The facts in this fictional story are well known to the most casual student of history. World War I—“The Great War”—begins in 1914. In Britain, patriotic young men rush to sign up. They will teach Germany an unforgettable lesson in three or four months. Instead, four years later, an exhausted Europe realizes that there has never been butchery on such a scale, and nowhere so brutally as the 1916 Somme offensive, when the Allies tried to break through a massive trench line. Over 20,000 British troops lost their lives in just the first two hours.
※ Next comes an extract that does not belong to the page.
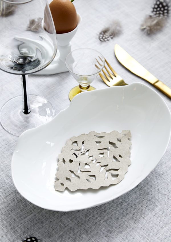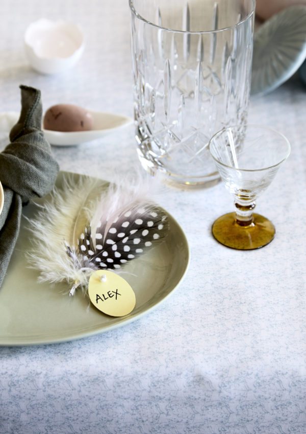 Bordkort er hyggeligt og gør det hele lidt mere højtidligt, og så er det altså alletiders tip til at kunne peppe bordet lidt mere op. Herover har vi klippe æggeformede bordkort i gul karton og bundet dem sammen med en lille buket af fjer.

But what will really draw readers into Temple-Smith’s (The Story of Elijah, 2005) novel are the vivid sketches of the Brits in the second platoon of the “St. Marylebone Rifles.” There is 2nd Lt. Arnold Snow, considering it his duty to volunteer and acquitting himself well. There is Frank Claybourne, a petty thief who enlists after he accidentally kills a mark. There is Alec Millcross, who sees this war as the ticket to becoming a famous poet. There is Lord Roland Selway, son of the Duke of Dornoch, who rebels against an arranged marriage. Joining them are Fred Quill, retired after an honorable career but wanting one more chance to serve, and Cpl. Seamus O’Malley, whose philosophy embodies whatever profits Seamus O’Malley. There are many more, of course, some who make it back alive and some who don’t. But all are meticulously portrayed. Focus is paramount: Every early chapter is devoted to one of these soldiers and—a fearful symmetry—the last section skillfully reveals how each man lived or died in the carnage. The author’s prose is reserved, traditional—British. His writing style is well suited to the era’s spirit and often elegiac: “Victory in 1918 did not usher in an age of tranquility and comfort, but as far as they could, after their own fashions, at their own stations in life, and with varying degrees of success, these men who remained led reasonably contented lives. They all did their best.” There is no lack of World War I novels, but the audience will find that reading Temple-Smith’s book is both a pleasure and a privilege.
An engrossing and moving war drama with a strong cast of indelible characters.